With Clang -O3
, the function f1
typedef unsigned char u8;
u8 f1(u8* p, u8* end1, u8* end2)
{
while (p < end1 && p < end2) {
if (*p & 0x80)
return 0xff;
p++;
}
return 0x7f;
}
compiles to
f1: # @f1
cmp rdi, rsi
setae cl
cmp rdi, rdx
setae r8b
mov al, 127
or r8b, cl
jne .LBB0_6
inc rdi
.LBB0_4: # =>This Inner Loop Header: Depth=1
cmp byte ptr [rdi - 1], 0
js .LBB0_5
cmp rdi, rsi
jae .LBB0_6
lea rcx, [rdi + 1]
cmp rdi, rdx
mov rdi, rcx
jb .LBB0_4
.LBB0_6:
ret
.LBB0_5:
mov al, -1
ret
while the function f2
u8 f2(u8* p, u8* end1, u8* end2)
{
if (end2 < end1)
end1 = end2;
while (p < end1) {
if (*p & 0x80)
return 0xff;
p++;
}
return 0x7f;
}
compiles to
f2: # @f2
cmp rdx, rsi
cmovb rsi, rdx
mov al, 127
cmp rsi, rdi
jbe .LBB1_4
.LBB1_2: # =>This Inner Loop Header: Depth=1
cmp byte ptr [rdi], 0
js .LBB1_3
inc rdi
cmp rdi, rsi
jb .LBB1_2
.LBB1_4:
ret
.LBB1_3:
mov al, -1
ret
which has less instructions in the loop.
With GCC -O3
generated code is different but similar, there're more instructions in f1
's loop.
Live demo: https://godbolt.org/z/edb5Eda5b
Is there corner case that prevents the compiler from optimizing f1
as f2
, e.g. are they nonequivalent?
Or is it a balance/trade-off to provide a close mapping from source code to binary code so that developers have more control?

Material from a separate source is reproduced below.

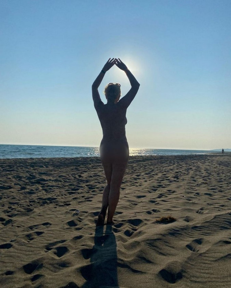 Ona je pozirala na nudističkoj plaži na Adi Bojani, gdje inače ljetuje skoro svake godine. Okrenula se prema zalasku sunca, a ispred objektiva se našla njena pozadina.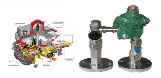 RC70 & RC100 系列调压器为直接作用式二 级平衡调压器。内置过滤放散阀超压和低压切 断保护装置。具有体积小、易于安装、压力稳 定、反应迅速等特点。

I tried adding assumptions like ASSUME(p <= end1 && p <= end2)
but nothing changed.
Answers
The functions f1
and f2
are not strictly equivalent due to a subtle difference in their loop conditions.
In f1
:
while (p < end1 && p < end2)
In f2
:
while (p < end1)
In f1
, the loop condition checks both p < end1
and p < end2
. This means that the loop will terminate as soon as either condition becomes false. However, in f2
, the loop condition only checks p < end1
, and the check for p < end2
is handled separately outside the loop.
This difference may affect the behavior of the loop and hence the optimization opportunities for the compiler. Specifically, in f1
, the compiler needs to ensure that p < end2
is checked on every iteration of the loop, which may limit certain optimizations.
The reason why f2
has fewer instructions in the loop is likely due to the simpler loop condition, which allows the compiler to generate more optimized code.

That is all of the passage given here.